My greatest mistake as a parent is in not allowing them to make mistakes and then take responsibility for the fact that they messed up. It’s especially hard on mothers to see their children struggle and not succeed at something because we’re genetically designed to nurture and protect and love our children unconditionally. I now see that I placed way too much emphasis on them being the best at everything, and I tried too hard to control their lives when I should have been more concerned about letting them explore and create and find out who they were inside. I should have let them learn to take more responsibility for their actions instead of bailing them out when they ran into problems. I should have spent more time worrying about my own needs and desires and what it was that I was passionate about instead of solely focusing on helping my children “be the best” at everything.

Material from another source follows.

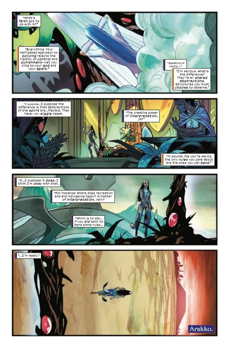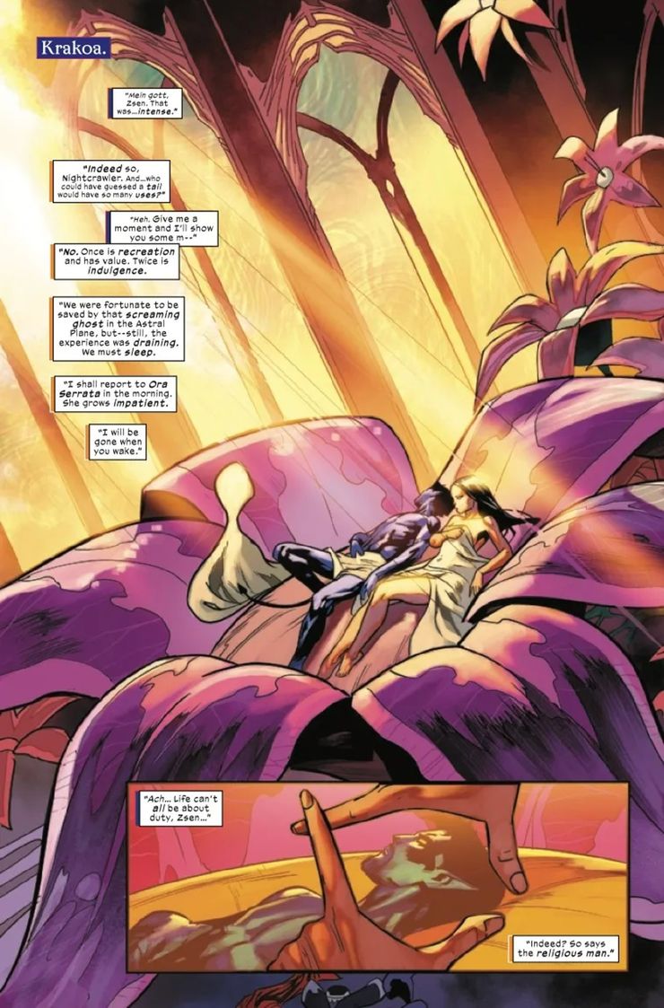 Desde el comienzo de Legión de X – escrito por Si Spurrier con arte de Jan Bazaldua y Frederico Blee – Nightcrawler se ha involucrado en un coqueteo físico y psíquico con el guerrero Arakki Weaponless Zsen, quien casi de inmediato deja en claro que se siente atraída por Kurt. en un adelanto de Legión de X # 4 su relación finalmente se consuma. Nightcrawler siempre ha sido sexual, incluso su cola prensil azota y se endurece de acuerdo a sus atracciones y deseos. Pero Zsen rápidamente señala su hipocresía, reflexionando sobre cómo su fuerza “policial”rechaza la rigidez del control y el castigo” y, sin embargo, todavía se aferra tan desesperadamente a su Dios ya su “Chispa”. Toda la escena, Kurt pidiéndole a Zsen que vuelva a acostarse con él y siendo rechazado rápidamente debido a su deber con Arakko, se basa en la hipocresía, ya que tiene lugar en The Bower, un santuario en Krakoa para la exploración sexual e íntima que Nightcrawler estaba horrorizado y disgustado cuando Stacy X lo mostró por primera vez en camino de x.

I should have not cared so much about whether or not they got the lead role in the First Grade play.

Isa didn’t end up getting the role of “Anansi”—it went to her best friend, Sarah—whose goofy personality and energy made her perfect for the part. Isa was given two parts in the play—a lion and an elephant. She was spectacular as both animals—singing and dancing her heart out with gusto. The play was a great success.

Perhaps I’ll be strong enough fight off those competitive demons and allow Isa to experience a different type of childhood than that of my other three kids. I’m older and wiser now so I hope I can guide Isa to become an independent and self-sufficient young adult, and most importantly, to nurture within her the ability to learn and create and give from the heart for Isa, not just to please me.

As I sat in the audience that afternoon, observing Isa and her classmates sing and dance in their play, I was content. Watching twenty first graders romp around having fun just being themselves, I learned another lesson: Success isn’t just about proving that you’re the best at everything and it certainly isn’t about landing the lead role in the play.

Success is putting your heart and soul and joy into doing what you love and knowing it’s enough. We should all take a lesson from first graders.